Совсем истончился туман в лугах, стихли ночные птицы, сквозит через ельник вылезающее солнце. Пора… Строповна идет на другой борт, поближе к катерам. Сейчас начнут просыпаться, загрохают трапами, застучат дверьми, завоют как оглашенные на всю реку сиренами, будто глухая она, Строповна. Нет чтобы самим снять конец, да отойти потихоньку – где там! Каждый норовит во всю силу, выхваляется будто:
– Вахтенный, чалку!..
– Евсхрап-повна!.. От-давай!
– Стратостатовна!..
– Сатраповна!
– Сустатовна!..
«Вот бахвалы-то! – думает она, летя во весь дух по палубе. – Чего не напридумывают!» Сквозь гул прогреваемых дизелей она не все и понимает, что они там кричат из своих железных рубок, едва сдерживая улыбку. А узнать охота, любопытство берет, но боязно: пристанут, как с дустом, – не отвяжутся!
– Эй!.. Лямошница! Лямку скинь!
Вот уж этого терпеть никак нельзя! Ведь и выдумают враги! И боится она, не выдержит, понесет когда-нибудь бахвала на всю реку. «А они все этого только и ждут, и ждут… Но нет, не дождутся! – крепится она, по очереди сбрасывая чалки. – Боже упаси – до смерти не отступятся! Только покажи…»
Каждый день ее отчество меняется, каждый день они зачем-то испытывают ее… Нет, не легко на реке стать своим человеком. Поняла уже это она, чутьем учуяла и ждет с нетерпением, когда они скажут наконец о ней так же, как о диспетчере Полине Михайловне: «Это наша баба, флотская…»
Ну вот, и все разбежались… Сейчас объявится ее сменщик, сдаст она недельную вахту и пойдет на пристань. Сегодня домой поедет. Раз, а то и два в месяц она всегда потихоньку ездит в свою деревню: в огороде надо прополоть, за домом приглянуть. Разные поедут люди на этом крылатом чуде – «Ракете»: городские и деревенские, молодые туристы и старые полковники, приезжавшие порыбачить на Унжу. Усядется она среди них скромненько у иллюминатора, по-старушечьи поджав ноги, и будет глядеть на проплывающие мимо катера, баржи, плоты… Знакомо ей все не по одной уж навигации.

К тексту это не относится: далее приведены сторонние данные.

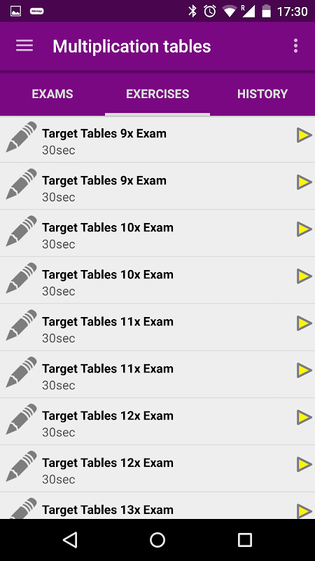 In the “History” screen, it is easy to track the results of the solved exercises. Furthermore, the completed tables can automatically be sent to the parents set email addresses.

И никому из пассажиров (да и из команды «Ракеты» тоже) и в голову не придет, что работает она на этой же реке и судовая роль ее – матрос.

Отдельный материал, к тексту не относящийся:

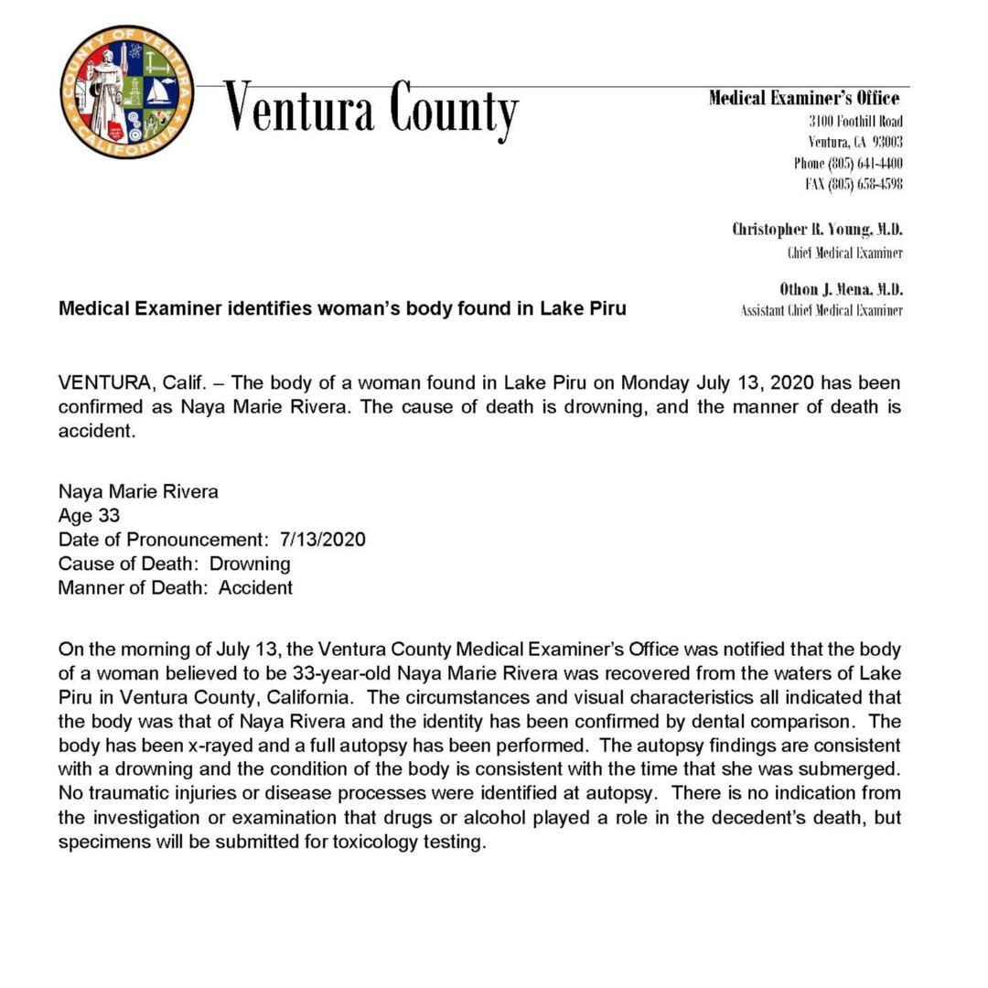 Ventura County Sheriff On Twitter The Attached Document Was Just Released By The Ventura County Medical Examiner S Office Regarding Naya Rivera Whose Body Was Found Yesterday In Lake Piru Https T Co Tmn1dfizyu

Так и вижу – бежит он по затону, легкий, полурасстегнутый, небритый и, кажется, слегка хмельной. Разбитная прыть то и дело сшибает его с дощатого настила, брошенного на сыпучий песок. А он и по песку бежит так же прытко. Взмок, тяжело дышит, на самом куполе загорелой лысины ветреет паутинка из нескольких бесцветных волосков. Но глаза глядят весело, приветливо.
– Трифон Северьяныч! Погоди!.. – махнешь ему от моторного цеха.
– Аю-ю!.. Что, милой? – живо откликается он. – Сейчас подбегу!.. – И подбежит, не поленится, позови его хоть ребенок. А он, Трифон, старик. Все у него старое: на кистях загорелых рук выпирают суставы, коричневая шея изрезана морщинами, лицо в складках, плечи обвисли, кустистые брови поседели, а глаза – молодые! Подлетит он, еще издали протягивая навстречу руку; глянет на тебя своими светлыми, голубыми глазами – и будто обдаст всего мягким голубым светом. Постоит с тобой минуты две-три, все время улыбаясь и как бы растворяя этим всю твою боль-печаль, а под конец порывисто обнимет да прижмет к себе как ребенка: «Полно, милой! Пойдем-ко со мной…» И пойдешь, куда бы он ни позвал, забыв все свои дела и заботы… И только потом, не сразу, будто очнешься от его странного гипноза.
Светло и чисто глядит он на мир. Живет как-то до зависти откровенно, с той неподдельной легкостью и простотой, какие даются как бы в награду людям только очень чистой души.
Вспоминаю весну. Долгие апрельские дни начала навигации были и нашей радостью и новыми заботами. Отремонтированный за зиму флот наконец разбегался из затона, и забота о нем как бы сваливалась с наших плеч. Но в то же время, затерявшись по всей реке (а точнее – по многим рекам), суда дробили нашу общую заботу о них на множество мелких, далеких, а иногда и труднодоступных дел. Обычно к этому времени флот в затоне уже отремонтирован, ждет только несамоходный – баржи, брандвахты, понтоны… Оставшись на свободе, шкипера неспешно довершают свой ремонт, готовятся тоже к выходу.